AVAILABLE RECORDS
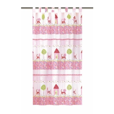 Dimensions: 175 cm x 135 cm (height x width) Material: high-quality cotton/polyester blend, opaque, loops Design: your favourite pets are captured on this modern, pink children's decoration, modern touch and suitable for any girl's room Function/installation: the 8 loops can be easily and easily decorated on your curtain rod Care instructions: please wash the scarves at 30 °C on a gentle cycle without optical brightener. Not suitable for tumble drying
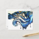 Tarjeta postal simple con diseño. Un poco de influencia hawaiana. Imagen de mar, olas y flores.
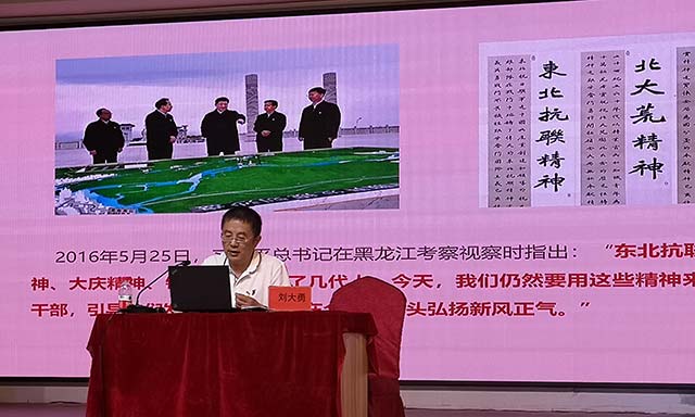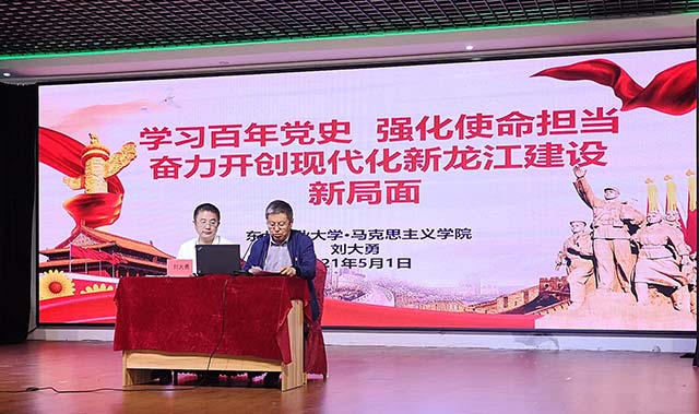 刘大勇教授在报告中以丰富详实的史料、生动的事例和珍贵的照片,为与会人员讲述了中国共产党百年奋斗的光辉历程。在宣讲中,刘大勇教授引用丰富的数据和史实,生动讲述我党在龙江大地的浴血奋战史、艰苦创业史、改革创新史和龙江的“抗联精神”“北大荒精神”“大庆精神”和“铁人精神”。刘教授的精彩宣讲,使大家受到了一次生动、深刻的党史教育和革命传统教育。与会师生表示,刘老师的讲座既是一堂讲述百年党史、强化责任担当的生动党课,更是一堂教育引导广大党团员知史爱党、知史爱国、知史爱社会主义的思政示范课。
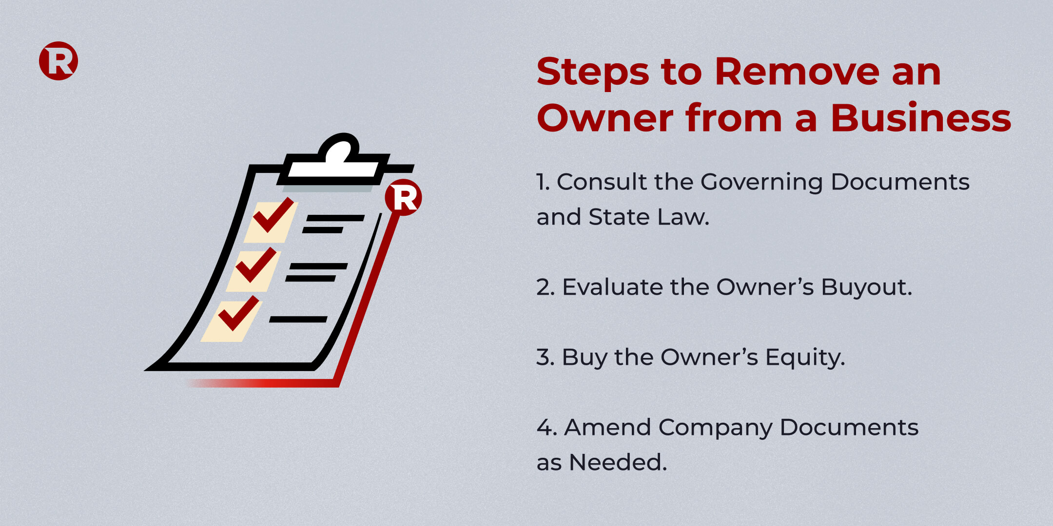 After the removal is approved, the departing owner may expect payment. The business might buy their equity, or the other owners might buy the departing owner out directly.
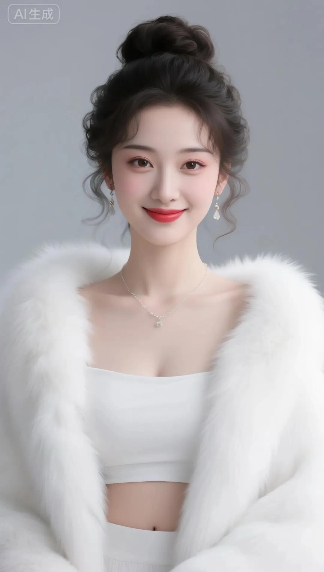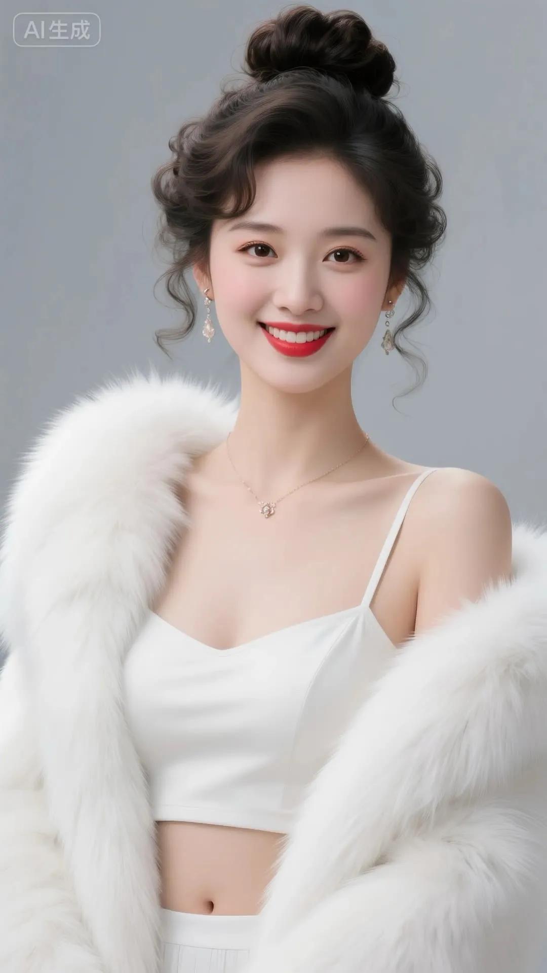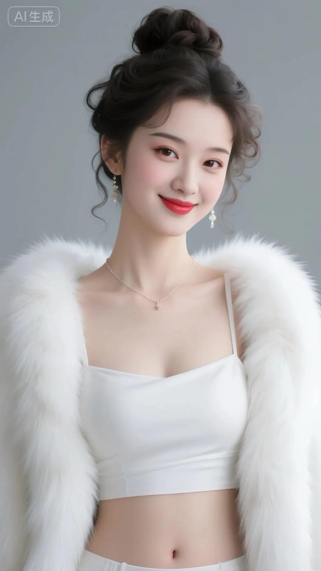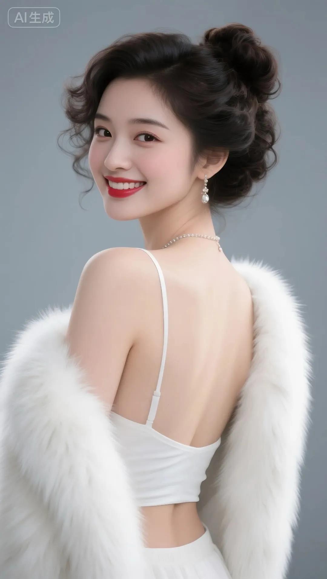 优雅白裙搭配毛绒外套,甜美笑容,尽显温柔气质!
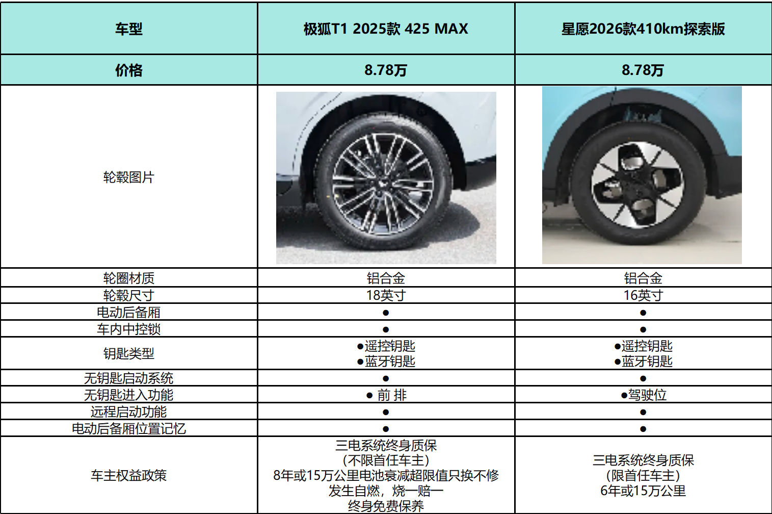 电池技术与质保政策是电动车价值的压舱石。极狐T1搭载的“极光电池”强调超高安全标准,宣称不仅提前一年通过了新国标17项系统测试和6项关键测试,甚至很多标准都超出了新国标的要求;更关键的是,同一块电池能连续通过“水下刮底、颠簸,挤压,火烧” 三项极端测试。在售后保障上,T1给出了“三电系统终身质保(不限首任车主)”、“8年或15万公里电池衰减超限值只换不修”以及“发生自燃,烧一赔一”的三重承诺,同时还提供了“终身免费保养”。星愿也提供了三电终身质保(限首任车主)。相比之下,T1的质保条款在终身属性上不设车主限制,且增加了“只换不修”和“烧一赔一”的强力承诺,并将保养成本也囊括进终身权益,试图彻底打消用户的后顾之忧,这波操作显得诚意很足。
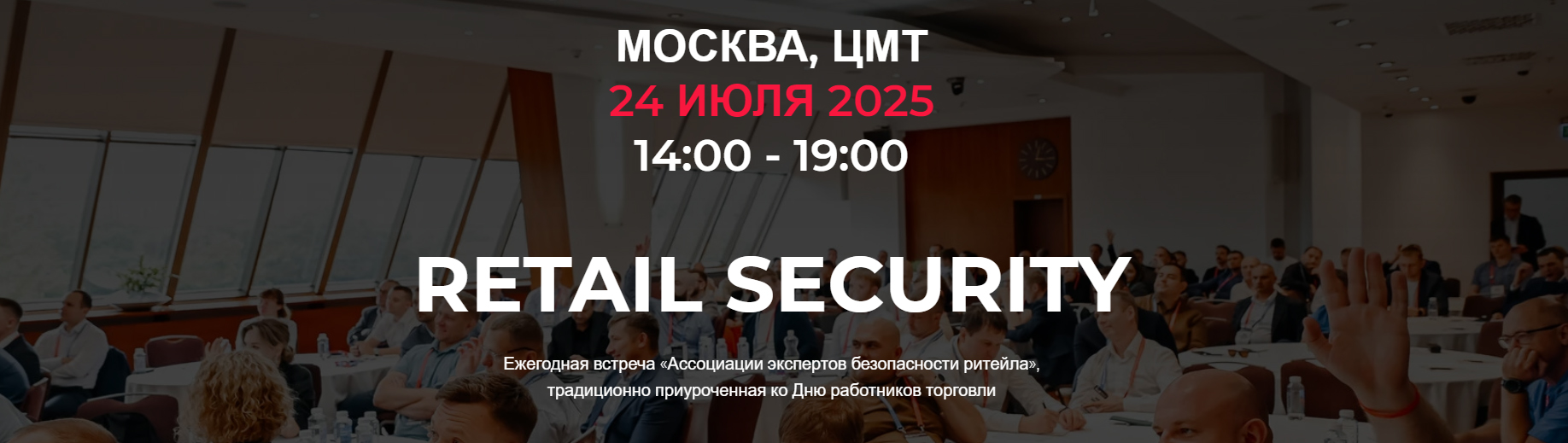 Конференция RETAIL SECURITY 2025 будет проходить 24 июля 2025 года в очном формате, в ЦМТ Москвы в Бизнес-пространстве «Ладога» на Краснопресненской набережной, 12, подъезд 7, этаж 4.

TRY IT
Make an exact copy of the records from their first line through the line containing "Tarjeta postal simple", both ends included, with the pictures omitted.

ANSWER TO THE EXERCISE
 Dimensions: 175 cm x 135 cm (height x width) Material: high-quality cotton/polyester blend, opaque, loops Design: your favourite pets are captured on this modern, pink children's decoration, modern touch and suitable for any girl's room Function/installation: the 8 loops can be easily and easily decorated on your curtain rod Care instructions: please wash the scarves at 30 °C on a gentle cycle without optical brightener. Not suitable for tumble drying
 Tarjeta postal simple con diseño. Un poco de influencia hawaiana. Imagen de mar, olas y flores.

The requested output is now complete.